## DATA
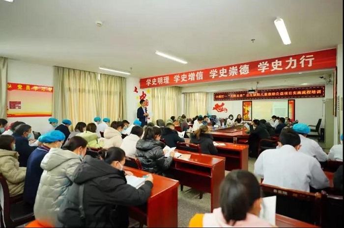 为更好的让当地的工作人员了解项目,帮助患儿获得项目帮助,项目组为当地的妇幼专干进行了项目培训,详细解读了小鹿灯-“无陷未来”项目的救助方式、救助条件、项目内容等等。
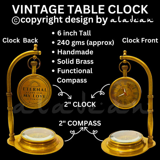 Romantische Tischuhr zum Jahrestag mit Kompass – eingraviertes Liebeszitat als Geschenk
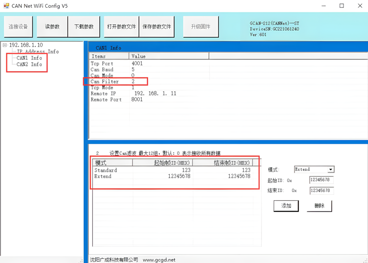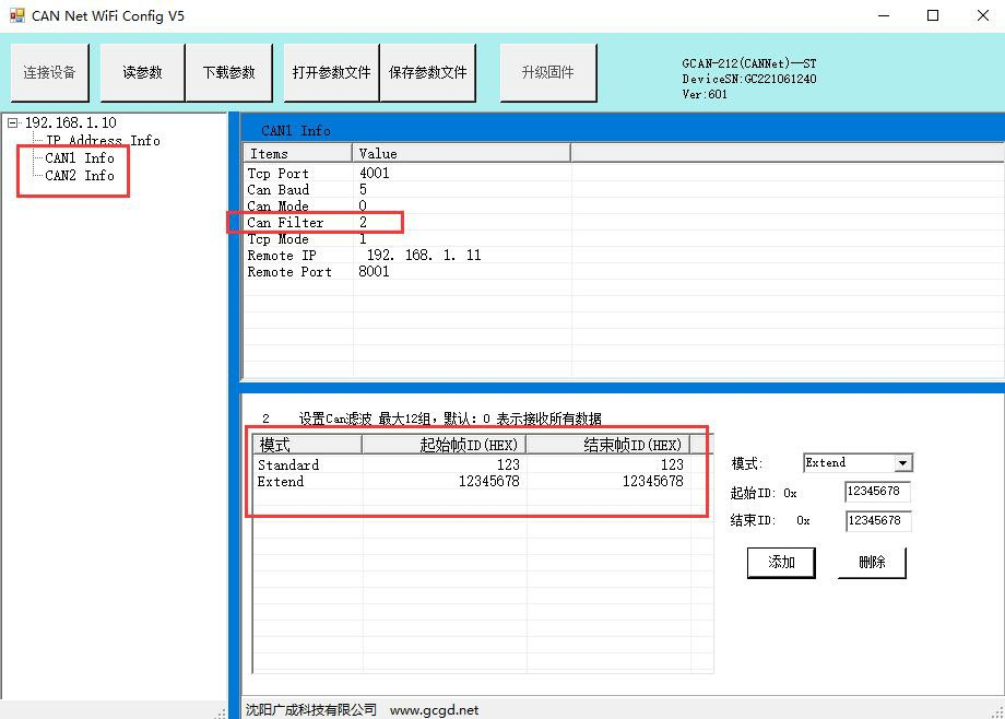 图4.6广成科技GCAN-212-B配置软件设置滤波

## DESCRIPTION OF THE TASK
Locate "Romantische Tischuhr zum" in the listing above, then print exactly the lines from that line through the final one, omitting all pictures.

## OUTPUT
 Romantische Tischuhr zum Jahrestag mit Kompass – eingraviertes Liebeszitat als Geschenk
 图4.6广成科技GCAN-212-B配置软件设置滤波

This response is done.